0 thoughts on “A look back….”

  • i LOVE these pictures!
    i'm also a spaghetti lover . . . but I've never looked that adorable eating it!!!
    i can only imagine what your whole house must smell like all the time. like HEAVEN!
    you have set the bar extremely high for james's wife when he marries! she'll need help!
    XOXO have a fabulous weekend dear heart. mangia mangia!!! XOXO

  • Thank you, whoever she will be will kiss the ground I walk on (LOL) because I hope I am raising a boy that will respect, love and cherish the woman he marries, understands that it is a partnership and the the 2 will make it work. I hope that she will know what he likes and respects it. And if I am not around he can also cook a meal!
    hope you had a wonderful and restful weekend!
    XO Marisa

  • Marisa,

    Are those Hostess Cupcakes, I spot, with candles on them?! LOVE these! Have eaten more than my fair share while growing up in Toronto! Who doesn't love spaghetti? You obviously knew what you liked from a very early age!;-)

    Have a super week!

    Poppy

  • Dewena it would be a lovely feast wouldn't it ? All of us gathered at the table and enjoying some pasta….now if only we can share this wonderful meal over at Poppy's and hang out in lovely Greece …oh my; LOL one can dream…I am sorry that my comment concerns you…look we all have regrets and it is work to get past them some are easier ( like I have no regrets with past boyfriends, LOL, I don't have any regrets for not having any children ; because these kids are mine we were just misplaced i feel that to my core, and all is right in that area…and still there is something that gnaws me and yes I could say it's my career, or my finances, or I am in the wrong place but it is not those things, I really don't know…I know something is not right but until I find out what it is nothing will feel right) Whoa I said a mouthful huh? The thing is I believe I will never find out because the truth is once I know that I am living my destiny and full potential nothing in the past would matter in fact everything in the past would make sense. Thank you for the compliments that is my goal to get to 70 and have the same smile my Nonna has that are the pictures I posted….BTW the Thanksgiving table for me is a wonderful table one needs to approach this table with Grace, Gratitude, and humility…but I am so annoyed because so many of my peers wants to eat and run to the next holiday…. I will post about this! Thanks for stopping by!
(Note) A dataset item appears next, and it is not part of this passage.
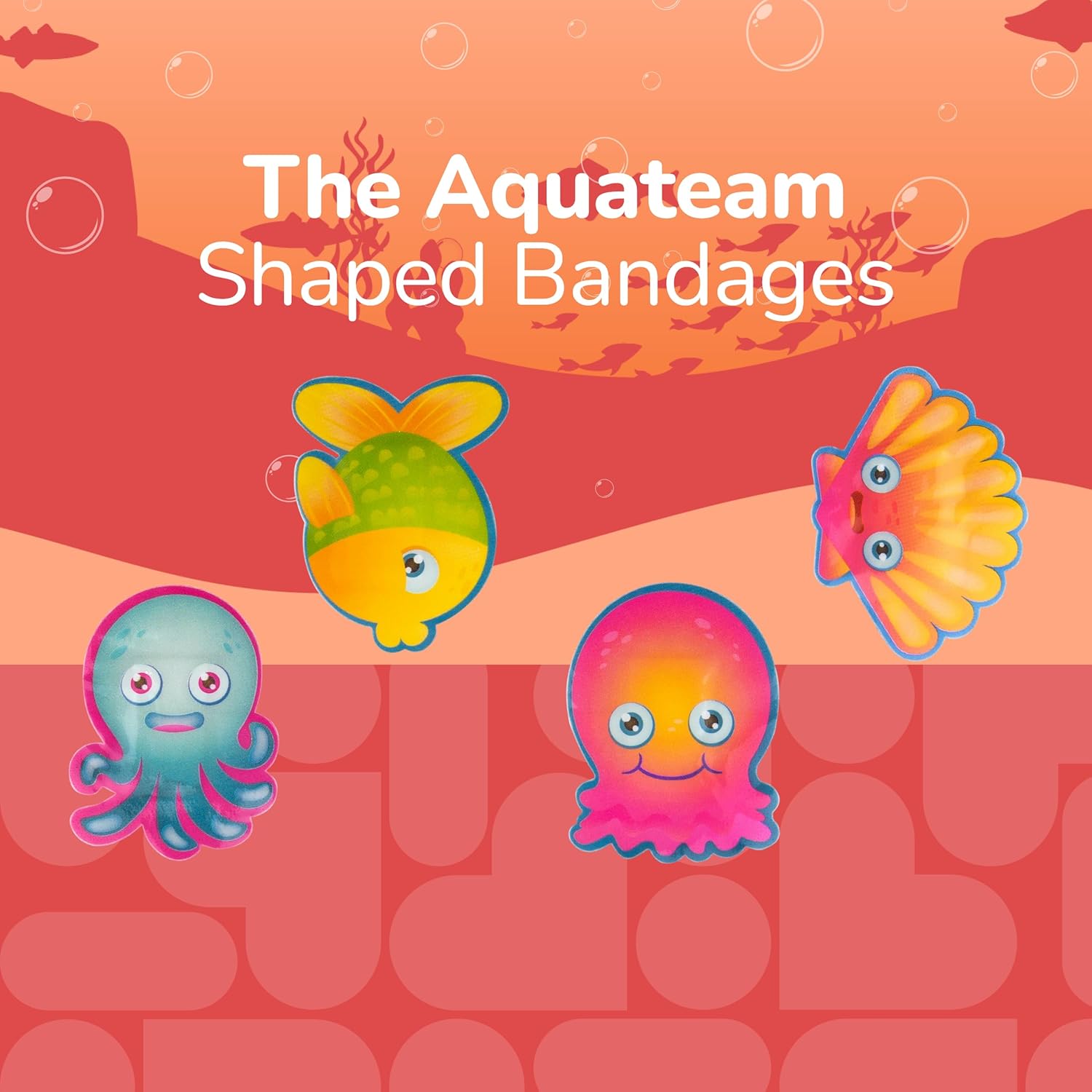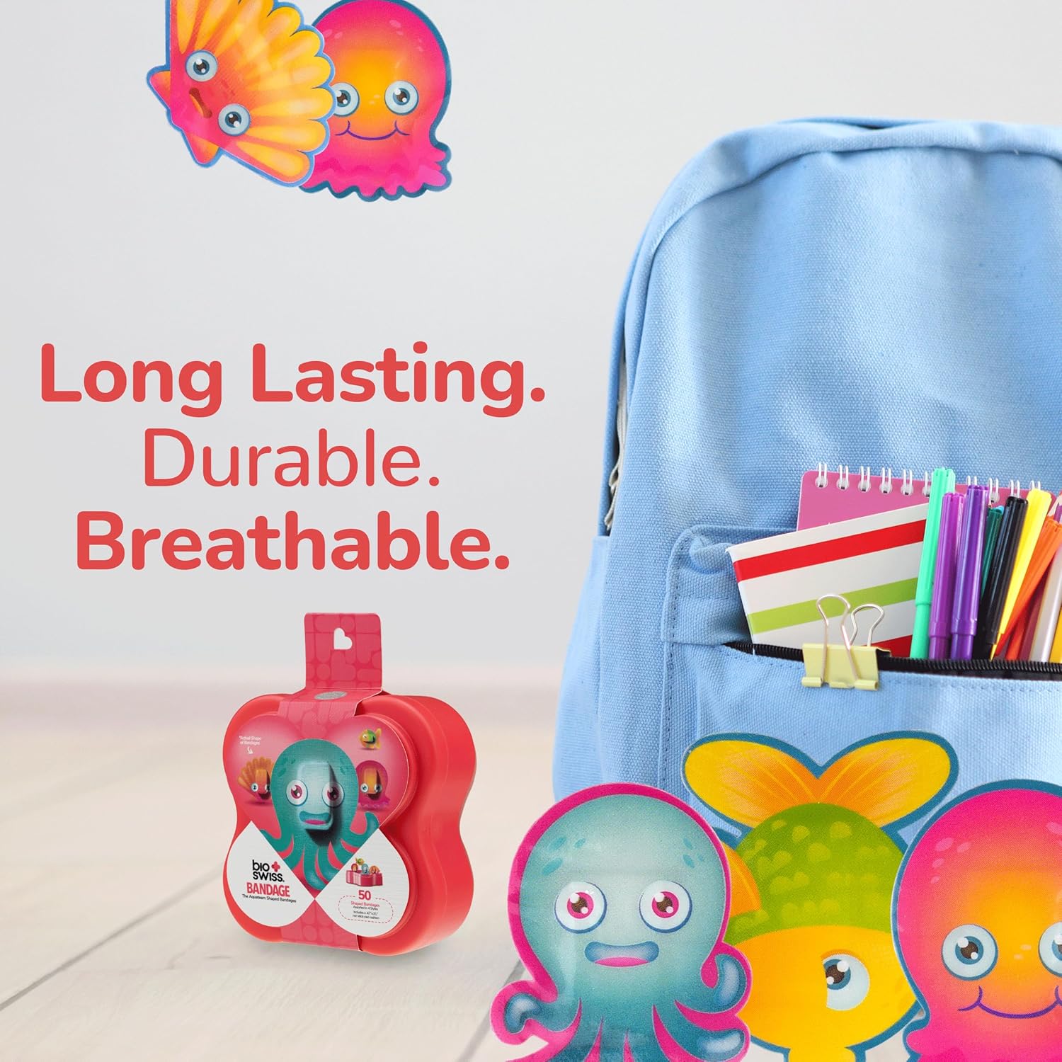 BioSwiss Kids Bandages, Aquateam Sea Creatures Shaped Self Adhesive Bandage Set, Latex Free, Sterile Wound Care, 50 Count

  • Marisa, I feel like my comment here, following Tam's and Poppy's, is a special friends' gathering. Don't you wish all 4 of us could get together? Wouldn't we have fun?
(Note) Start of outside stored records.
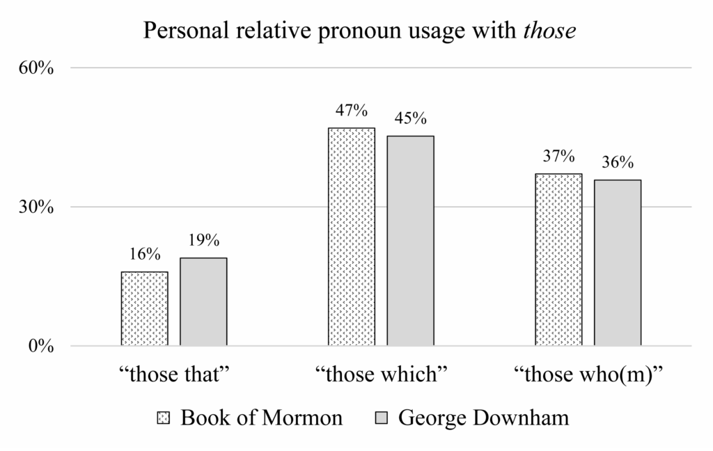 [Page 12]This comparison shows large differences in the case of which and who(m). In the Book of Mormon, which is strongly preferred, with that slightly exceeding who(m). In contrast, Joseph Smith had a strong personal preference for who(m) over that, with which a distant third. Figure 2 graphically shows that Joseph’s native PRP usage pattern was markedly different from that of the Book of Mormon.
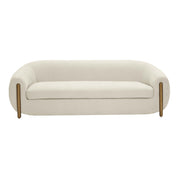 Elevate your home with this stunning Lina Cream Textured Linen Sofa from the Inspire Me! Home Decor x TOV Collection. Crafted with the finest materials, the Lina Sofa features sumptuous linen upholstery in a soft cream hue that exudes elegance and sophistication. Plush cushions provide exceptional comfort, making this sofa the perfect spot to relax after a long day, and the brass details add a luxe statement.
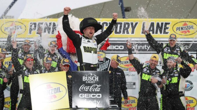 Le champion 2021 de la discipline a pris le meilleur sur Denny Hamlin juste avant l’ultime arrêt de la course sous drapeau vert et n’a plus jamais été inquiété, jusqu’à l’accident d’Aric Almirola à quatre tours du terme original de la course, qui conduit à une fin sous régime d’Overtime.
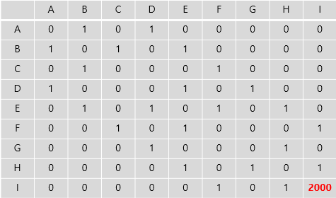 우리는 A에서 I까지 가기로했기에 I의 보상을 2000정도로 주겠습니다.
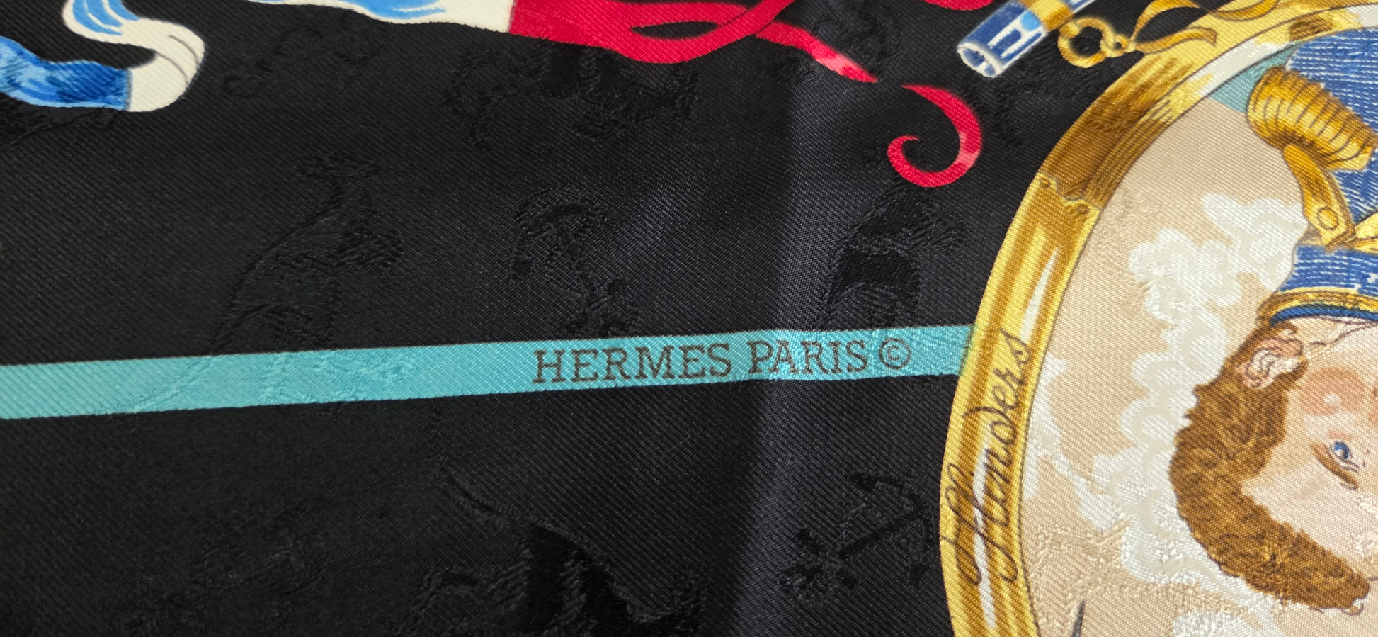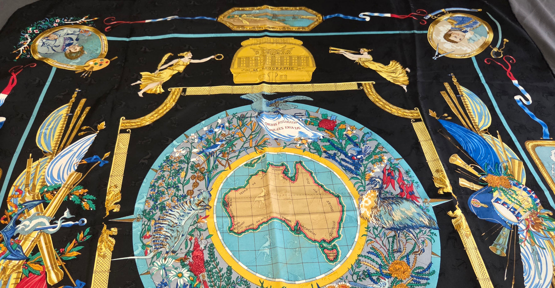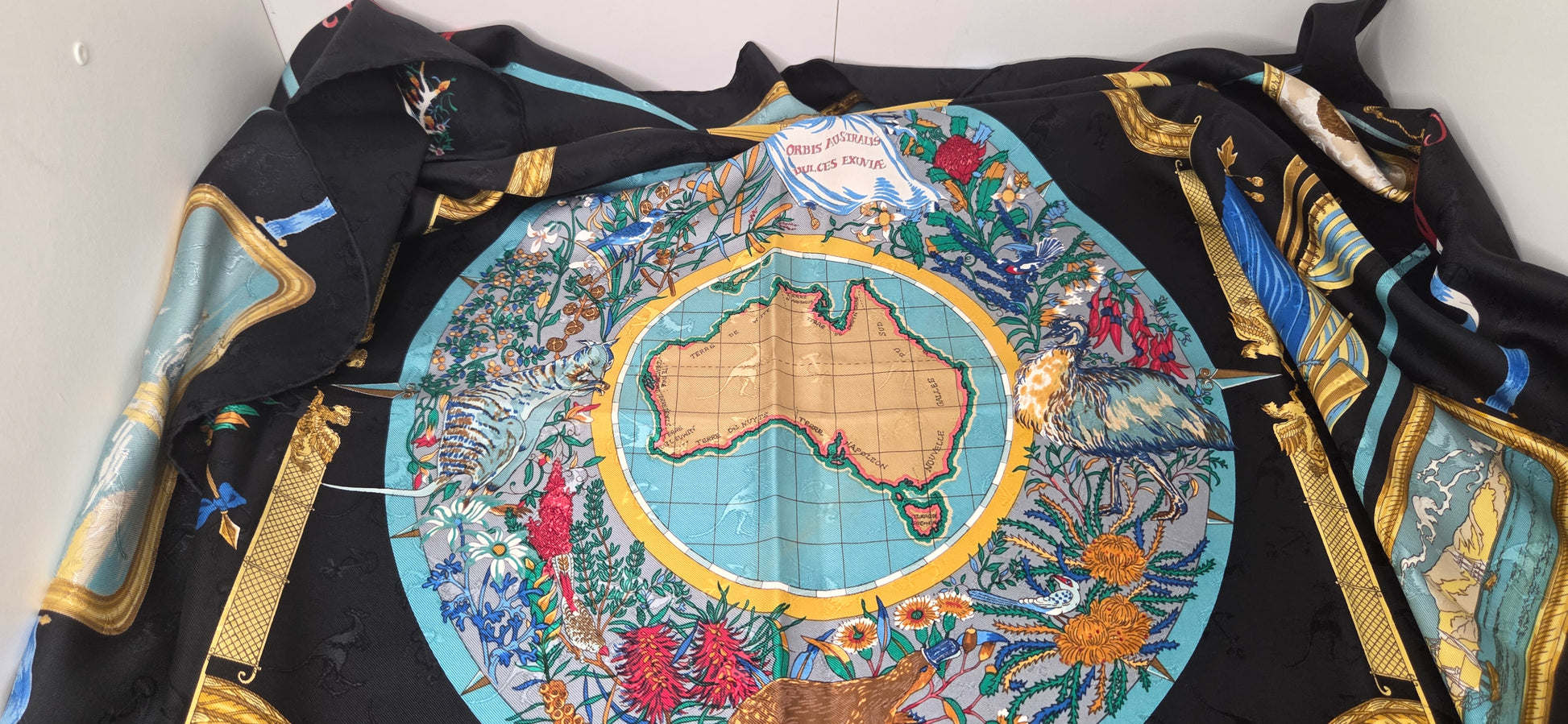 Carré Hermès en twill de soie damassee aux Kangourous intitulé " Le Geographe".sur fond noir.
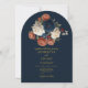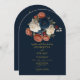 Navy Floral Botanical All-in-One arched Wedding Invitation
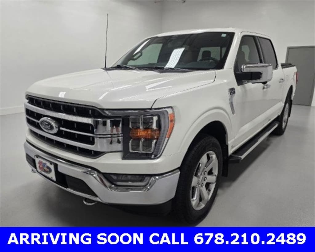 This 2022 Ford F-150 Lariat in Star White Metallic Tri-Coat features: 4D SuperCrew, 3.5L V6 EcoBoost, 10-Speed Automatic, 4WD, 12" LCD Productivity Touchscreen, 360 Degree Camera, 360-Degree Camera, 4-Wheel Disc Brakes, 4G WiFi Hotspot Telematics, 6" Bright Polished Running Board, ABS brakes, Adjustable pedals, Auto Emergency Braking, Auto High-beam Headlights, Auto Start-Stop Removal, Auto-dimming door mirrors, Auto-dimming Rear-View mirror, Automatic temperature control, Backup Camera, Blind Spot Monitoring, BLIS w/ Cross Traffic Alert, Bluetooth w/ Audio Streaming, Brake assist, Chrome 2-Bar Grille w/4 Minor Bars, Chrome Door & Tailgate Handles w/Body-Color Bezel, Chrome Single-Tip Exhaust, Chrome Skull Caps on Exterior Mirrors, Class IV Trailer Hitch Receiver, Compass, Connected Navigation & SiriusXM w/360L Removal, Delay-off headlights, Electronic Locking w/3.55 Axle Ratio, Electronic Stability Control, Emergency communication system: SYNC 4 911 Assist, Equipment Group 501A Mid, Extended Range 36 Gallon Fuel Tank, Exterior Parking Camera Rear, Front Center Armrest w/Storage, Front dual zone A/C, Front fog lights, Front reading lights, Front wheel independent suspension, Fully automatic headlights, Heated door mirrors, Heated front seats, Illuminated entry, Integrated Trailer Brake Controller, Lane Keeping System, Lariat Chrome Appearance Package, Lariat Package, Leather Seats, Leather-Trimmed 40/20/40 Front Seat, LED Sideview Mirror Spotlights, Low tire pressure warning, Max Trailer Tow Package, Memory seat, Onboard 400W Outlet, Outside temperature display, Overhead console, Panic alarm, Panoramic Sunroof/Moonroof, Parking Sensors, Pedal memory, Post Collision Braking, Power door mirrors, Power Mirror Package, Power Package, Power passenger seat, Power Sliding Rear Window, Pre Collision Assist w/ AEB, Premium Audio Package, Premium Sound Package, Pro Trailer Backup Assist, Radio data system, Radio: AM/FM SiriusXM w/360L, Radio: B&O Sound System by Bang & Olufsen, Rear seat center armrest, Rear step bumper, Remote keyless entry, Reverse Brake Assist, Reverse Sensing, Security system, Speed control, Speed-sensing steering, Split folding rear seat, Steering wheel mounted audio controls, SYNC 4 w/Enhanced Voice Recognition, Telescoping steering wheel, Tilt steering wheel, Tow Package, Traction control, Trailer Package, Trip computer, Turn signal indicator mirrors, Twin Panel Moonroof, Universal Garage Door Opener, Variably intermittent wipers, Ventilated front seats, Wheels: 18" Chrome-Like PVD, Wheels: 20" Chrome-Like PVD.

    Is there anything more comforting than pasta? or more satisfying? Did you ever see that old movie where Meryl is married to Jack (Nicholson) and she's a cookbook author–Heartburn? And they eat a bowl of spaghetti carbonara together in bed. I loved that! I did read somewhere that it is not truly Italian but rather a G.I. Joe's WW II dish where pasta and bacon and eggs were some of the only ingredients available when they were stationed there. Do you know the history of it?

    Anyway, I appreciated your comment on my blog today and wished I could have emailed you back because while I understand your thoughts, and have lived there myself way too much, don't you dare keep thinking that way. The past is over. You are what you are today and as far as your future, I know emphatically that your children when they are grown will rise up and call you blessed just like the woman from Proverbs. Young lady, and to me that's what you are!, you have got to start believing in yourself now. Do not reach 70, that I am, and still be thinking like that.
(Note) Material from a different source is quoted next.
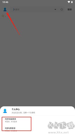 1、點(diǎn)擊左上角進(jìn)入個(gè)人中心,在界面下方找到 “同步網(wǎng)易歌單” 選項(xiàng)。

    You are such an intelligent person, your comments on my blog and others revealed that to me, early on. And creative and hardworking and loving. And that is what it's all about. That is a good life. So it's only onward and upward from now on. End of lecture! Pretend like I'm your Nona telling you this.

    Dewena

  • Marisa, I just thought to check back to this post after reading your current one and am glad I did. It helps me to understand better what you were feeling. I think one of the hardest things in the world is to figure out what you really want. It took me a long, long time. And of course, what I want is always affected by realities in my life at each stage.

    You're a wise woman. It will all make sense some day.